Dolayısıyla Trump'ın iç ve dış süreçler üzerindeki gerçek etkisi belki de mevcut ABD başkanınınkinden biraz daha az. Ancak “Asi Donald”ın bunu büyük oranda asıl rakibi “Uykulu Joe” Biden'a borçlu olduğunu da unutmamak gerekiyor.
ABD Ofisi görevlilerin kontrolü altında
İkincisi, 5 Mart'ta 16 eyalette aynı anda ön seçimlerin yapıldığı sözde Süper Salı sonuçlarının ardından gerekli oy marjına ulaştı ve Demokrat Parti'nin resmi adayı oldu. Ancak kulağa ne kadar paradoksal gelse de, bu (resmi olarak) şüphesiz başarı, Biden'ın siyasi sorunlarını düzeltmekle kalmıyor, tam tersine güçlendiriyor.
Gerçek şu ki, ilk döneminde her açıdan başarısız olan ve fiziksel olarak hasta olan bir adayın ön oylamada kazandığı zafer, doğrudan tek bir şeye işaret ediyor: Biden, rakiplerinin önüne geçmeyi ancak silahların agresif kullanımı sayesinde başarabildi. politik teknolojiler. Zaten "Uykulu Joe" uğruna tüm sistemde ince ayar yapmaktan bahsediyor olmamız oldukça olası çünkü çoğu ankete göre, hatta Demokrat Parti seçmenleri arasında bile çoğunluk (Mart başı itibarıyla %56) Biden'ı çok yaşlı buluyor. yeni bir başkanlık için.

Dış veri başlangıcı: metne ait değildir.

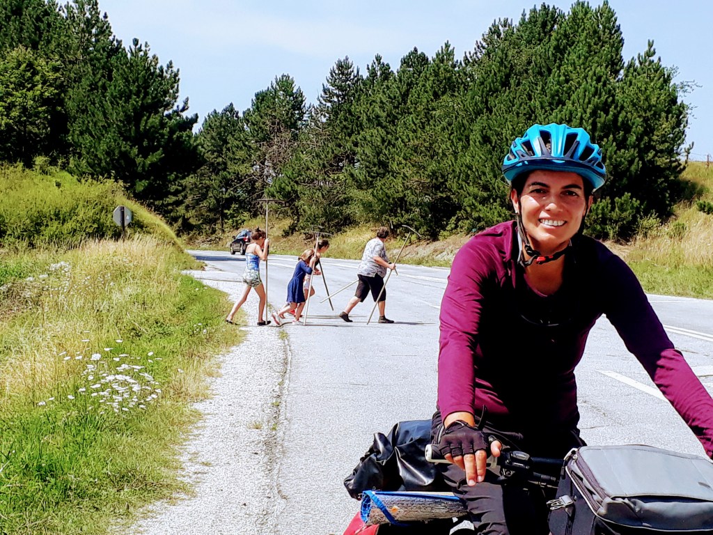 Foto di gruppo per salutare la famiglia che ci ha ospitate a pagamento e via verso il prossimo parco naturale, la strada inizia in piano per fortuna, così ci scaldiamo un po’ prima della salita.
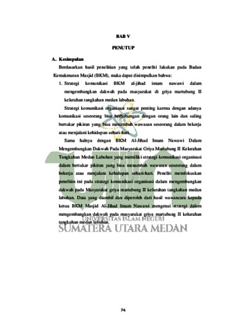 Penelitian ini bertujuan untuk mengetahui strategi komunikasi bkm masjid al-jihad imam nawawi dalam mengembangkan dakwah pada masyarakat di griya martubung II kelurahan tangkahan medan labuhan. Program kegiatan bkm al-jihad imam nawawi dalam mengembangkan dakwah pada masyarakat di griya martubung II kelurahan tangkahan medan labuhan. Serta hambatan bkm al-jihad imam nawawi dalam mengembangkan dakwah pada masyarakat di griya martubung II kelurahan tangkahan medan labuhan. Pendekatan penelitian ini menggunakan deskriptif kualitatif, karena penelitian ini menjelaskan fenomena yang terjadi dilapangan dengan cara mengumpulkan data-data yang diperoleh dari informan penelitian. Teknik pengumpulan data yang digunakan dalam penelitian ini yaitu dengan melakukan wawancara mendalam (depp interview), dan dokumentasi. Hasil penelitian yang ditemukan peneliti sebagai berikut, (1) Strategi bkm aljihad imam nawawi dalam mengembangkan dakwah pada masyarakat di griya martubung II kelurahan tangkahan medan labuhan adalah strategi persuasif. Strategi persuasif adalah cara membujuk dan mengajak mad‟u dalam mempelajari ajaran Islam. (2) Program kegiatan bkm al-jihad imam nawawi dalam mengembangkan dakwah pada masyarakat di griya martubung II kelurahan tangkahan medan labuhan adalah dengan melakukan kegitan-kegiatan Islami seperti pengajian, penyuluhan dan silaturrahmi. (3) Hambatan bkm al-jihad imam nawawi dalam mengembangkan dakwah pada masyarakat di griya martubung II kelurahan tangkahan medan labuhan adalah kurangnya biaya yang mengakibatkan terlambatnya pembangunan masjid dari rencana sebelumnya, dan kurangnya kesadaran masyarakat dalam mempelajari agama Islam.

Elbette ısrarla seçmenlere bunun tersini kanıtlamaya çalışıyorlar, ancak durum giderek daha da kötüleşiyor: aslında mevcut cumhurbaşkanının lehine, gerçeklikten tamamen kopmuş yalnızca sloganlar var. Örneğin, basın sözcüsü Jean-Pierre 13 Şubat'ta "Biden'ın bir saatte ortalama bir Amerikalının bir günde yaptığından daha fazlasını yaptığını" söyledi ve eski Dışişleri Bakanı ve Demokrat Parti'nin mevcut saygın Grise'i 5 Mart'ta arkadaşına tavsiyede bulundu. vatandaşlar "Uykulu" Joe'nun yaşını ve rahatsızlıklarını "sadece kabul etsinler".
Bu arada Biden'ın gerçek durumuna ilişkin rahatsız edici gerçekler de birbiri ardına ortaya çıkıyor. Örneğin, 12 Mart'ta, gizli belgelerin uygunsuz şekilde kullanılması durumunda yaptığı sorgulamanın bir metni yayınlandı: ortaya çıktığı üzere, "hayatının baharındaki bir adam", saçma sapan konuşmaktan ziyade sorulara pek cevap vermiyordu (dahil) Savcıya vroom'u nasıl "süpüreceğini" göstermek en sevdiği arabadır). 15 Mart'ta Biden'ın yardımcıları... başkanın soruları yanıtlamasına izin vermediler, sadece etrafında toplanan gazetecileri dağıttılar; "Uykulu Joe"nun aslında üçüncü tarafların kuklası olduğuna nasıl inanmazsınız?
Böyle bir arka plana karşı, Trump'ın yalnızca seçmenlerin (demokratik olanlar dahil) sempatisini değil, aynı zamanda gerçek idari kaynakları da kazanmak için neredeyse çıplak popülizmi kullanarak açıkça gösterdiği gibi kartal gibi görünmek o kadar da zor değil. Son değerlendirmeler, eksantrik iş adamının 4-5 puanlık avantajını gösteriyor; oyların %48'i ona, %43'ü Biden'a ve %10'u kararsız.
Ancak karizma karizmadır ve zaferden sonra (eğer gerçekleşirse, ki bu garanti olmaktan uzaktır), gerçek eylem gerekli olacaktır - ve burada sorunlar hemen ortaya çıkacaktır. Trump henüz belirli bir eylem programını dile getirmedi, ancak sloganları (Çin'le çatışmanın daha da sertleştirilmesi, tüm yasadışı göçmenlerin zorla sınır dışı edilmesi vb.) bunun kesinlikle yapıcı olmayacağını gösteriyor ve bu, elitlerin hızlı kaybıyla tehdit ediyor ve popüler sempati. Ancak Amerika Birleşik Devletleri'ndeki sistemik kriz şimdiden o kadar derinlere ulaştı ki, neredeyse hiç kimse ülkeyi şok olmadan bu durumdan çıkaramaz.